So wie es oben beschrieben technische Ligaturen auf einem Kegel gibt, die sich aber nicht berühren und daher wie ganz normale Einzelbuchstaben aussehen, so gibt es auch den umgekehrten Fall: Buchstabenverbindungen, die wie eine orthographische Ligatur verstanden werden, jedoch in der Regel nicht als solche gesetzt werden. Darunter zählen zum Beispiel das niederländische IJ/ij oder das kroatisch/bosnische Dž/dž. Diese Verbindungen werden heute als jeweils als ein Buchstabe verstanden. Sie sind somit nicht trennbar und füllen zum Beispiel in einem Kreuzworträtsel lediglich ein Feld. Da sie jedoch nicht auf den jeweiligen landestypischen Tastaturbelegungen vorhanden sind, erfolgt die Eingabe in aller Regel durch das Tippen der Einzelbuchstaben und nicht durch den Einsatz einer Ligatur-Glyphe, obgleich im Unicode mittlerweile entsprechende Kodes für diese besonderen Ligaturen vorgesehen sind.

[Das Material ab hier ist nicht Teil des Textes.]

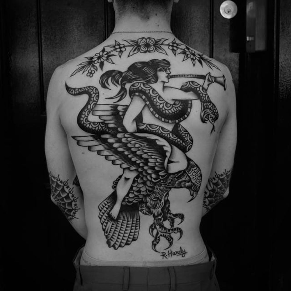 Falcon, Snake and lady with the trumpet, awesome back piece by Rich Hardy. #RichHardy #blackwork #traditionaltattoos #classictattoos #americana #falcon #snake #woman #backpiece
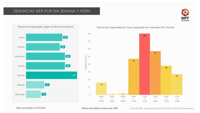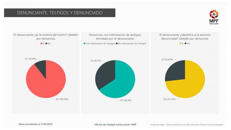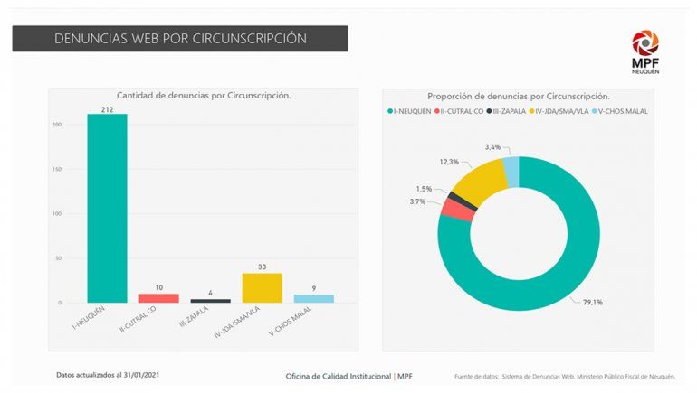 De acuerdo a un informe elaborado por la oficina de Calidad Institucional del organismo, entre el 22 de octubre de 2020 y el 31 de enero de 2021 se recibieron un total de 268 denuncias, siendo el promedio por mes de 67 y casi el 80% se correspondieron con denunciantes de la Primera Circunscripción (Neuquén capital y alrededores). También se indicó que el 98% del total ya tiene un legajo abierto y se encuentra bajo investigación.
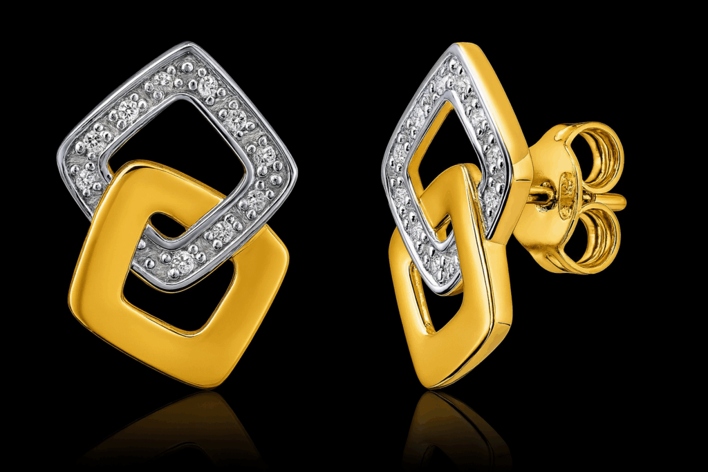 Boucles d’oreilles Clous Or Jaune et Blanc Diamant GH P2
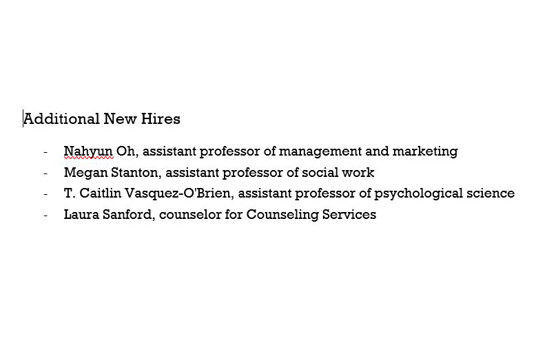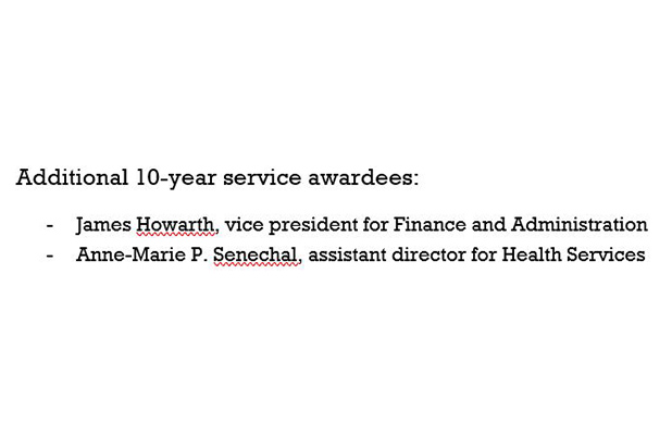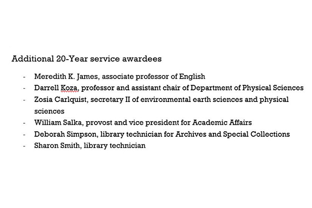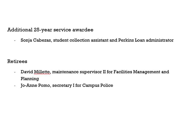 Following Salka’s introduction, 12 new faculty and six new staff members were introduced to the university community. Vice President of Institutional Advancement Ken DeLisa recognized 22 faculty and staff members for reaching milestones of 10, 20 and 25 years of service, and acknowledged additional employees who are retiring.
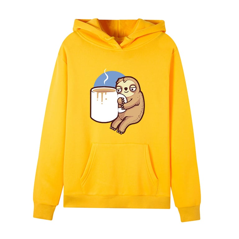 Pull classique pour femme avec un imprimé de paresseux en train de boire du café. Le pull a des manches longues, une poche kangourou et une capuche.
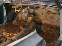 Endlich gibt es die hinteren Seitenteile wieder im Originalstyle... Der deformierte Querträger vorne unter dem Kühler wird erneuert. Entlacken und Grundieren des Bodys...
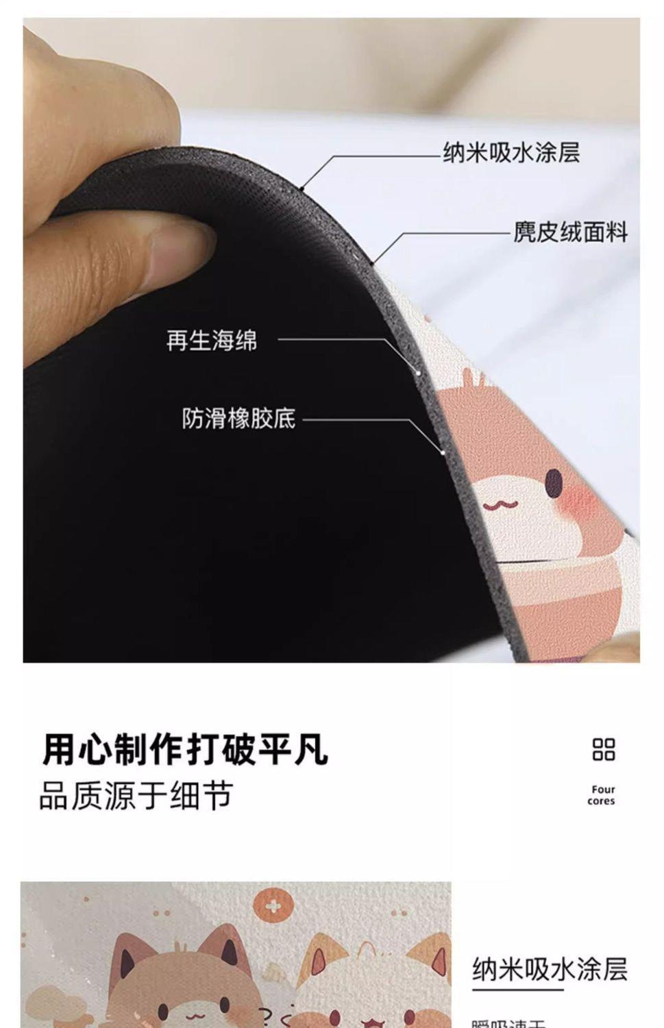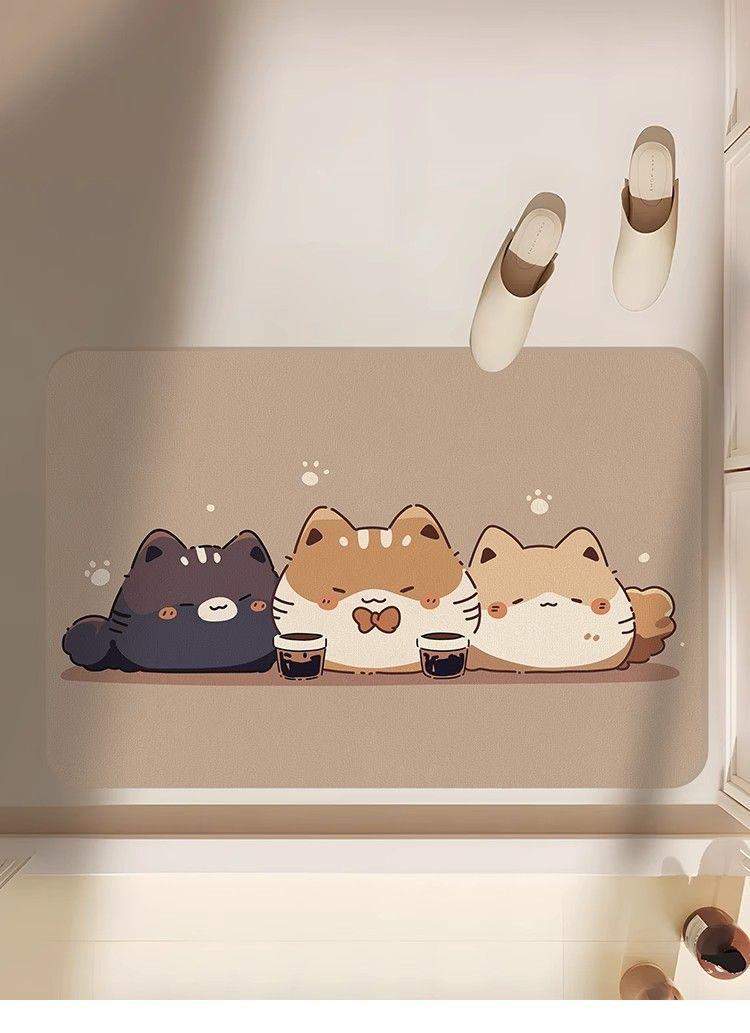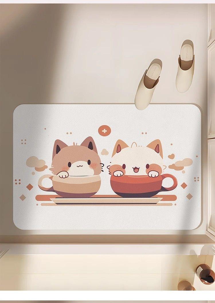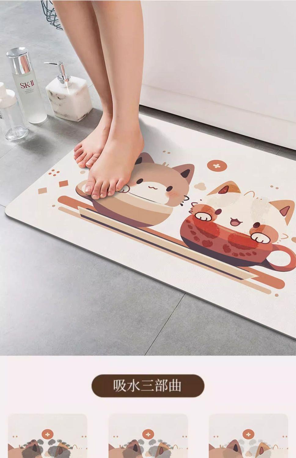卡通猫猫硅藻泥浴室吸水地垫速干卫生间门口防滑脚垫厕所可爱地毯
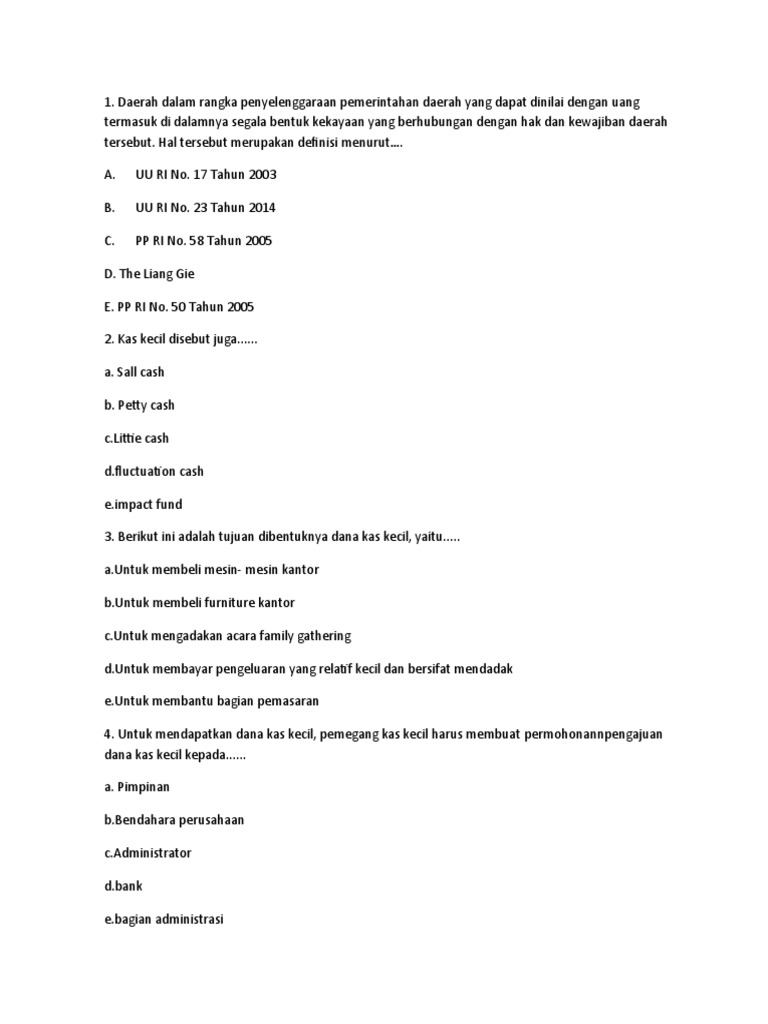 Soal Pilihan Ganda Dan Jawabannya Tentang Dana Kas Kecil ... pilihan ganda 1.kas kecil disebut juga....... a.small cash b.petty cash c.littie cash d.fluctuation cash e.impact fund 2.berikut ini adalah tujuan dibentuknya dana kas kecil, yaitu..... a.untuk membeli mesin- mesin kantor b.untuk membeli furniture kantor c.untuk mengadakan acara family gathering d.untuk membayar pengeluaran yang relatif kecil dan …
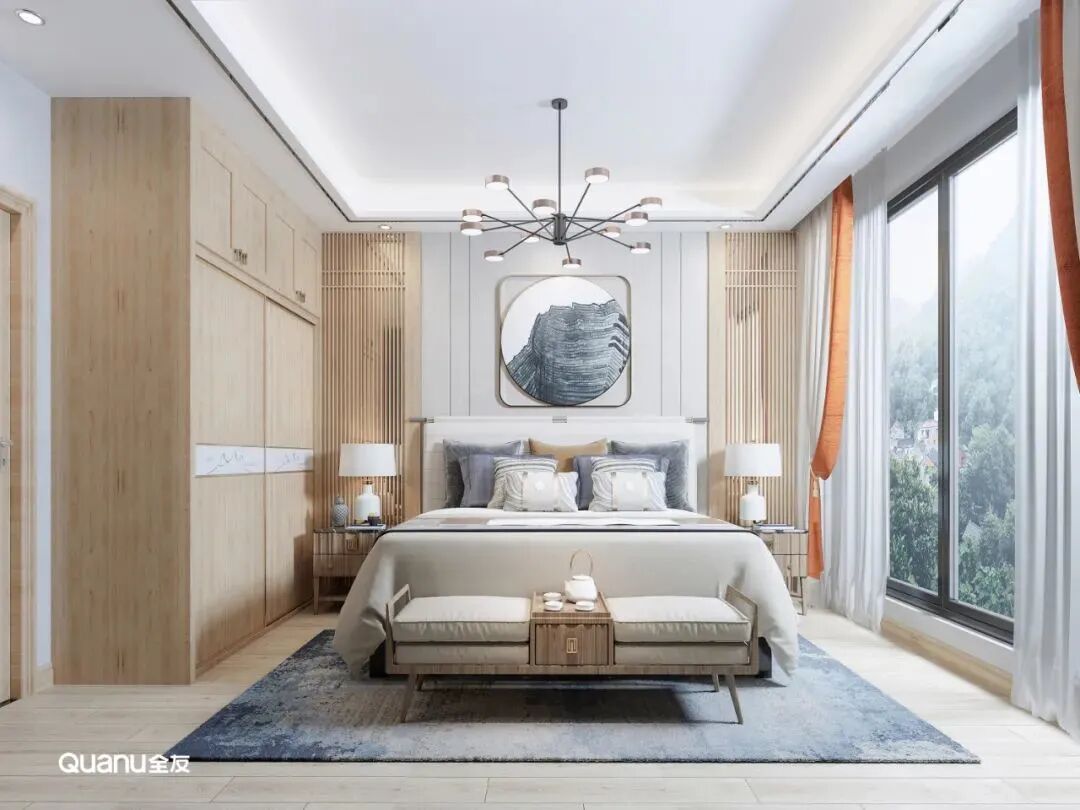 新中式风格卧室的床头背景墙采用对称设计,将两边墙面做成木质栅格板,中间用木饰面或护墙板,再搭配对称的床头柜,整个卧室都具有设计感,并且能营造出一种静谧且沉稳的睡眠氛围。

Fazit: Ligaturen gibt es aus den verschiedensten Gründen und sie folgen unterschiedlichen Satzregeln. Daher ist es in der Praxis oft wenig hilfreich, von Ligaturen im Allgemeinen zu sprechen. Man sollte zumindest spezifizieren, ob man von typografischen oder orthographischen Ligaturen spricht. Daraus ergibt sich auch, dass man nicht prinzipiell Ligatur und Buchstabe unterscheiden kann. Ligaturen können durch orthographischen Beschluss oder im Laufe der Zeit zu Buchstaben werden und ob in konkreten Fall tatsächlich eine satztechnische Ligatur zum Einsatz kommt, hängt von den technischen Gegebenheiten ab und lässt sich nicht immer direkt aus dem sichtbaren Schriftbild ableiten.